When I was in the USAF, there was an oft-quoted saw: "Shoot me, don't Chanute me!"

So wonderful to see that a great benefit has come from what once was an almost universally reviled duty assignment, though, to be fair, each and every base had its own jokey, detracting rhymes and puns, which only sometimes had roots in reality.
posted by SaintCynr at 2:28 PM on September 16, 2008

Nice to hear* this project getting deserved attention again. I've never been able to forget the article Mother Jones did years ago. Our PBS station did a story a Christmas or two back about a similar community located around San Diego, for foster teens and live-in communal grandparents. Wish I could remember which program it was one, because the website linked to a nationwide list of similar programs. It's gratifying that group homes are getting more family-like and less institutional. Groups homes can be pretty dehumanizing places for foster kids. Having a chance to experience family life, safe relationships with trusted adults, etc. is a Good Thing

*Though not "see", since nytimes.com has some sort of grudge against me . Even the blog link generator can't get me a peek. My apologies if this is just a rehash of what they said.
posted by nakedcodemonkey at 3:34 PM on September 16, 2008

ncm - a search for Rantoul at news.google.com should do the trick. Unless the Times really has something against you, in which case I can email you the text of the piece.

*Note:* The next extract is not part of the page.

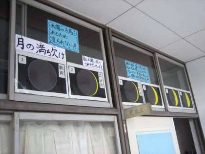 北校舎1階廊下に「月の満ち欠け」についての掲示物が貼られました。

I'll have to poke around for the one "around San Diego" seeing as that's where I is.
posted by yiftach at 8:14 PM on September 16, 2008

Thanks! With a thorough cookie purge, the Google News link worked. Good stuff.

If I recall correctly, the SD one is at the site of a former school, possibly a boarding school. Seems like the tv program focused on several teens in the community's transitional program where they get a year or two of living on-campus in apartment-ish housing where they get to practice their independent living skills before having to be cut loose to do it truly on their own.

Or maybe that's just the portion that stuck with me most. It's heartbreaking how often foster kids get thrust out into the world on their 18th birthday with barely a fucking clue how to function on their own. Most of the rest of us are clueless at that age too, but we've at least seen our families do grocery shopping, negotiate through stressful moments in their relationships, balance a checkbook, etc. There's a lot of basic skills that we've gotten to absorb and take for granted along the way.